**** Working data ****
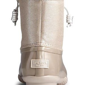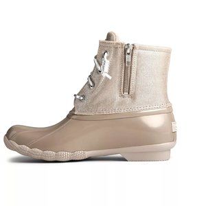 Let this waterproof style take you where others can't go. The Salt Water duck booties by Sperry Top-Sider feature a warm micro-fleece lining inside and contrasting rawhide laces up top.
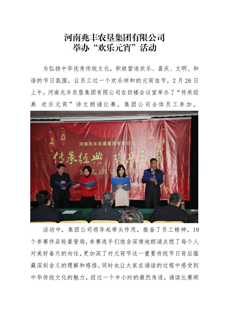 · 河南兆豐農(nóng)墾集團(tuán)有限公司 舉辦“歡樂元宵”活動(dòng)
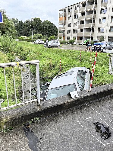 Wie die Polizei mitteilt, fiel gegen 14.10 Uhr einer Patrouille im Zentrum von Bassersdorf ein mit zwei Personen besetztes Auto auf. Als der Lenker bemerkte, dass ihm die Polizei folgt, beschleunigte er und fuhr mit massiv übersetzter Geschwindigkeit auf der Bahnhofstrasse Richtung Bahnhof. Die Polizei folgte den Flüchtenden mit eingeschalteten Warnsignalen. Kurz vor der Linkskurve beim Bahnhof bog der Flüchtende abrupt rechts in den Auenring ein, wo ein anderes Auto hinausfahren wollte. Das Fluchtfahrzeug durchbrach in der Folge ein Brückengeländer und kam im Auenbach zum Stillstand.
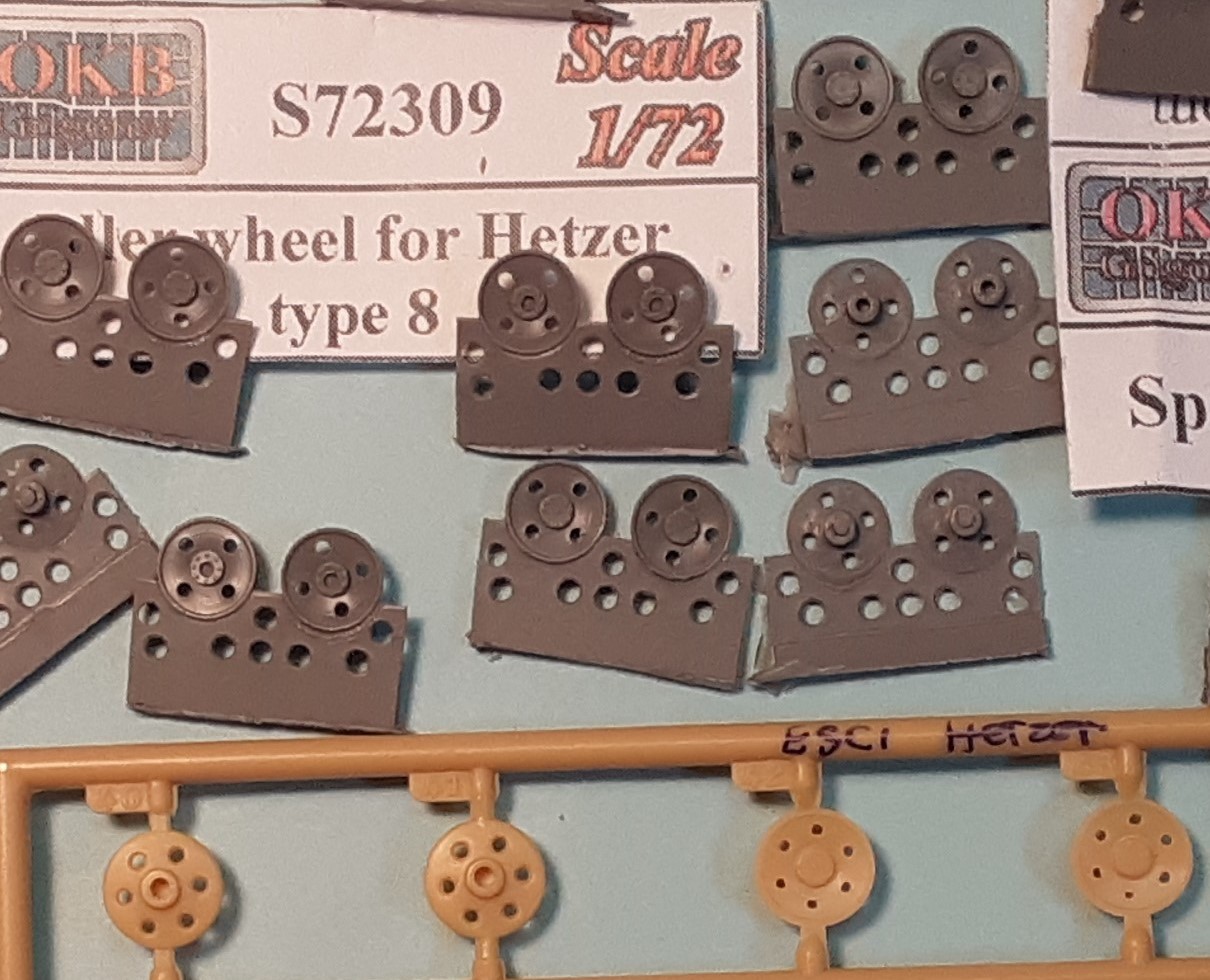 OKB’s S72309 compared with the 6-hole idlers with the ESCI Hetzer models. The six tiny holes on the ESCI outer wheels are an anomaly and these holes should be the same larger size as in the inner wheel parts to the left.
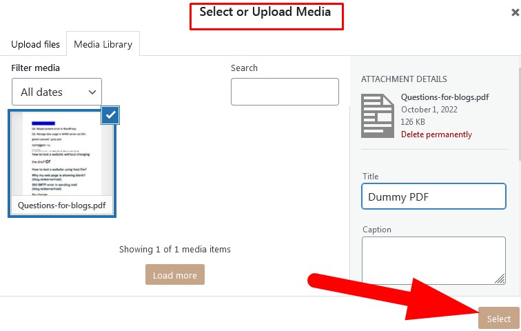 - Select or Upload the PDF file which you want to add.
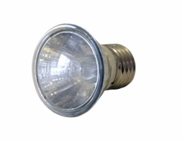 Warm halogen light bulb with screw-in tip.
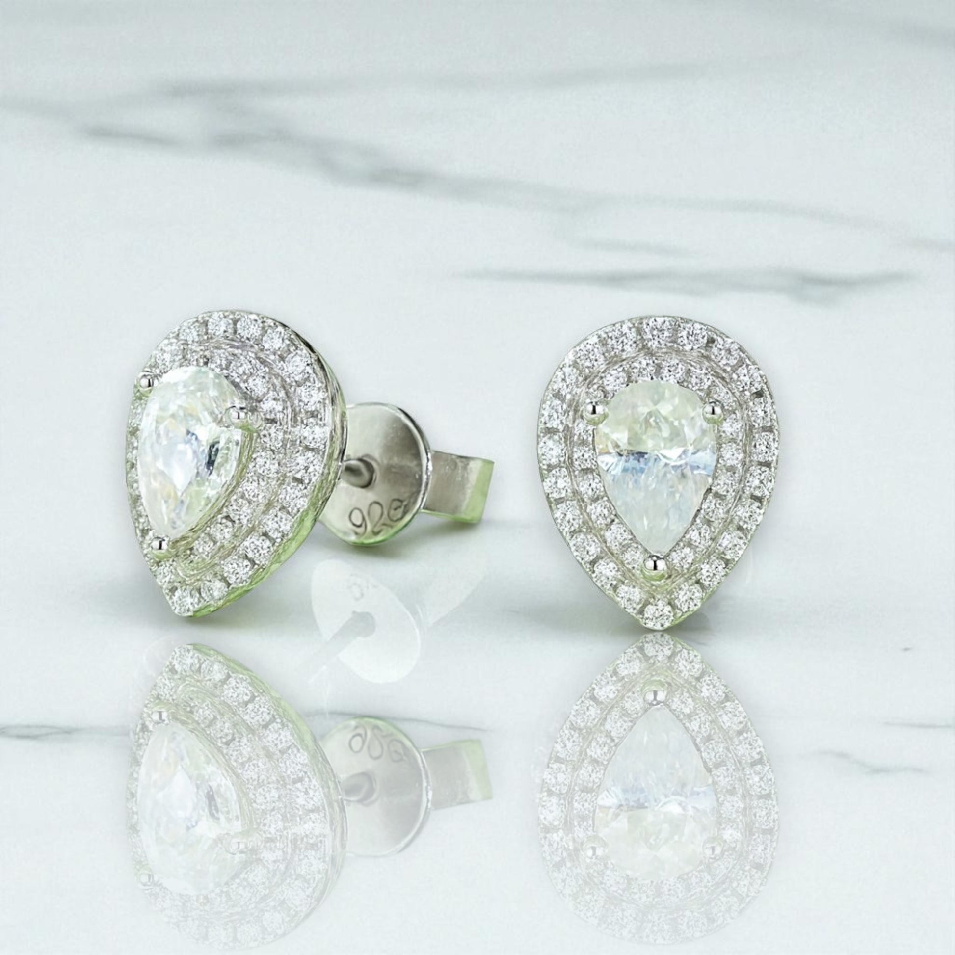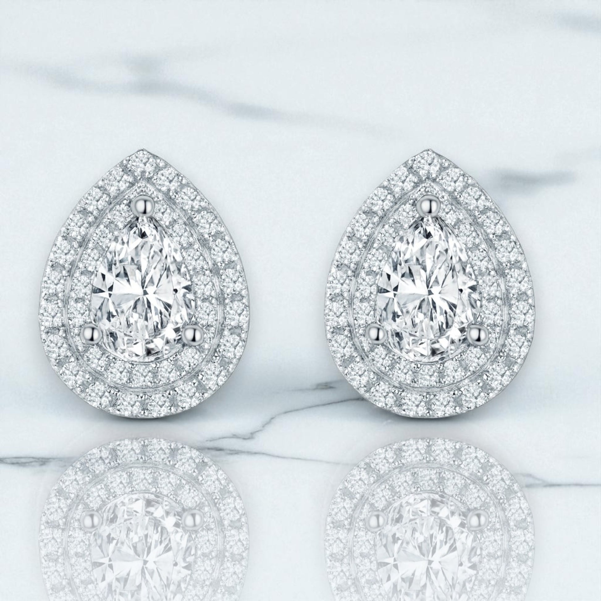 Old world glamour, perfected for every day. A luminous pear-cut center is framed by cascading micro-pavé halos, creating a teardrop of light that feels both romantic and impossibly refined. The low-profile basket sits close to the lobe for effortless wear, while a mirror-bright white-gold finish magnifies the fire of the stones. An heirloom look without the fuss.
****
Leaving out the images, repeat the listing above exactly.

 Let this waterproof style take you where others can't go. The Salt Water duck booties by Sperry Top-Sider feature a warm micro-fleece lining inside and contrasting rawhide laces up top.
 · 河南兆豐農(nóng)墾集團(tuán)有限公司 舉辦“歡樂元宵”活動(dòng)
 Wie die Polizei mitteilt, fiel gegen 14.10 Uhr einer Patrouille im Zentrum von Bassersdorf ein mit zwei Personen besetztes Auto auf. Als der Lenker bemerkte, dass ihm die Polizei folgt, beschleunigte er und fuhr mit massiv übersetzter Geschwindigkeit auf der Bahnhofstrasse Richtung Bahnhof. Die Polizei folgte den Flüchtenden mit eingeschalteten Warnsignalen. Kurz vor der Linkskurve beim Bahnhof bog der Flüchtende abrupt rechts in den Auenring ein, wo ein anderes Auto hinausfahren wollte. Das Fluchtfahrzeug durchbrach in der Folge ein Brückengeländer und kam im Auenbach zum Stillstand.
 OKB’s S72309 compared with the 6-hole idlers with the ESCI Hetzer models. The six tiny holes on the ESCI outer wheels are an anomaly and these holes should be the same larger size as in the inner wheel parts to the left.
 - Select or Upload the PDF file which you want to add.
 Warm halogen light bulb with screw-in tip.
 Old world glamour, perfected for every day. A luminous pear-cut center is framed by cascading micro-pavé halos, creating a teardrop of light that feels both romantic and impossibly refined. The low-profile basket sits close to the lobe for effortless wear, while a mirror-bright white-gold finish magnifies the fire of the stones. An heirloom look without the fuss.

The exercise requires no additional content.